-------- PROVIDED ENTRIES --------

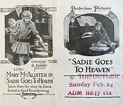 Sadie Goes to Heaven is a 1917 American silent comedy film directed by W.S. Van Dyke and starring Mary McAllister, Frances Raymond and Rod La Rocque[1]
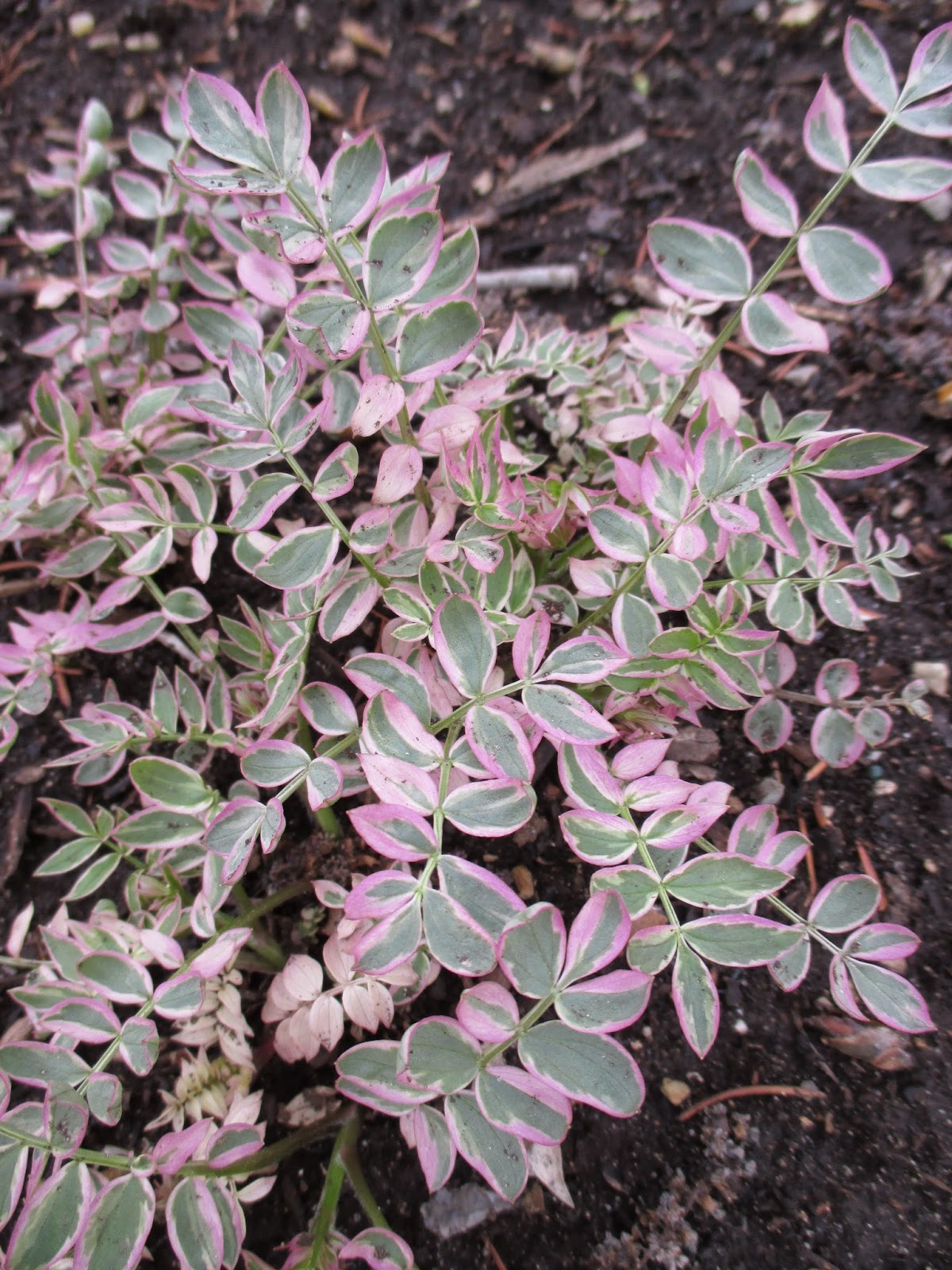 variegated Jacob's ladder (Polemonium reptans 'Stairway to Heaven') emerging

--------
-------- PROVIDED ENTRIES --------

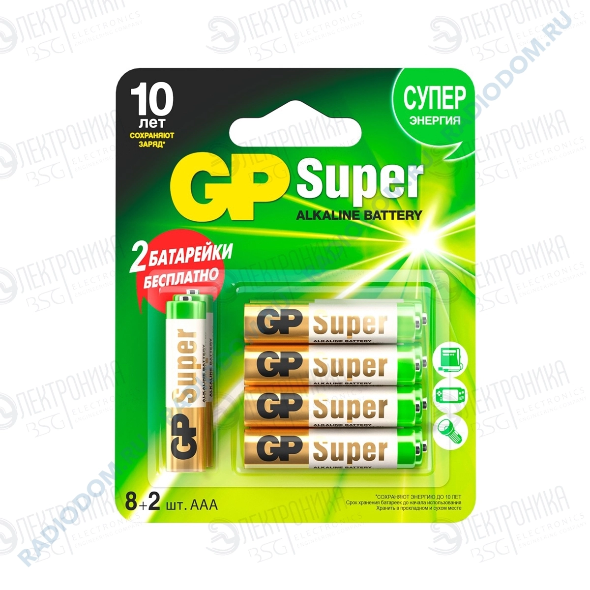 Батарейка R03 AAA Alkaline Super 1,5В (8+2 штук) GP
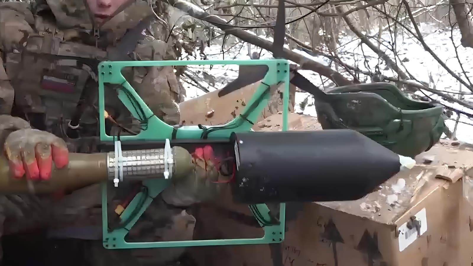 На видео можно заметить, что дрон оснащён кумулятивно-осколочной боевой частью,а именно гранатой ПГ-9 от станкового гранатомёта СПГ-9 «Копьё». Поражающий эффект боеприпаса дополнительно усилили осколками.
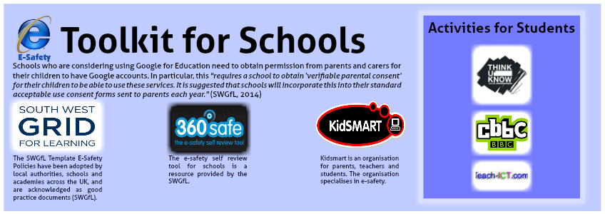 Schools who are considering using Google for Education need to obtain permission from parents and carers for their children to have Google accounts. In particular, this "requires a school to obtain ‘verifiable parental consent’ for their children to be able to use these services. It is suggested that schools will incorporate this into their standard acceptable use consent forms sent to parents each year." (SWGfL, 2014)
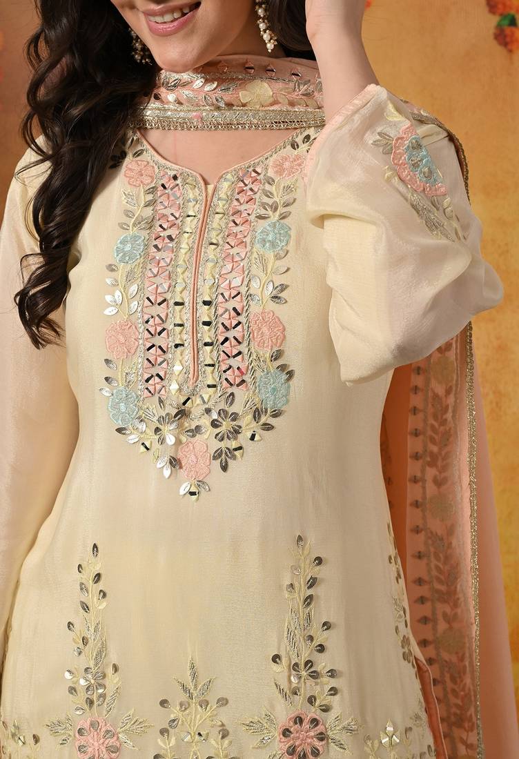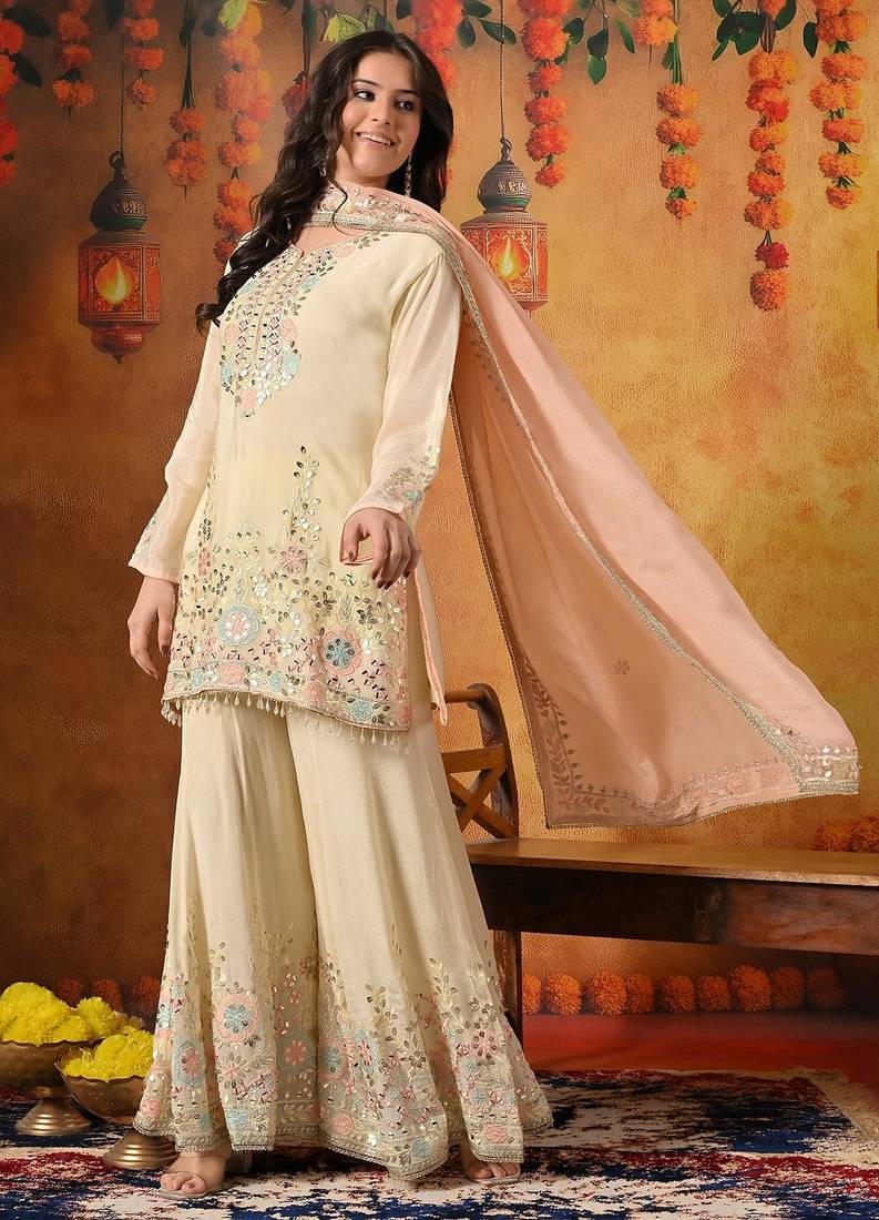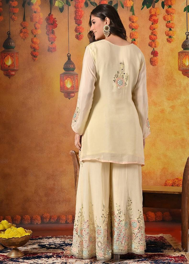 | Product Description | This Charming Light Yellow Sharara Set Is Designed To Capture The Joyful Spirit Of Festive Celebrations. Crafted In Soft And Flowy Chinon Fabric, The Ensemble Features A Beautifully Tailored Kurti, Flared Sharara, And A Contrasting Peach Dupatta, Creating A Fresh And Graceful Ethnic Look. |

--------
-------- PROVIDED ENTRIES --------

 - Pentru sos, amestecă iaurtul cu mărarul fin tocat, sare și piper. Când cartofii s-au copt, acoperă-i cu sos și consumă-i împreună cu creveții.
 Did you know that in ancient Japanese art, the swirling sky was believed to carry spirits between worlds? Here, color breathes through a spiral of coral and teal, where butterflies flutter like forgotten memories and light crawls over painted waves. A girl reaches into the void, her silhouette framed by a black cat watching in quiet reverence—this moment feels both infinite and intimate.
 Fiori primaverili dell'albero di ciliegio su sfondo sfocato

--------

# TASK TO COMPLETE:
From the records above, copy exactly the stretch from the line holding "Sadie Goes to" through the line holding "variegated Jacob's ladder", both ends included, without the pictures.

# SOLUTION FOR THIS TASK:
 Sadie Goes to Heaven is a 1917 American silent comedy film directed by W.S. Van Dyke and starring Mary McAllister, Frances Raymond and Rod La Rocque[1]
 variegated Jacob's ladder (Polemonium reptans 'Stairway to Heaven') emerging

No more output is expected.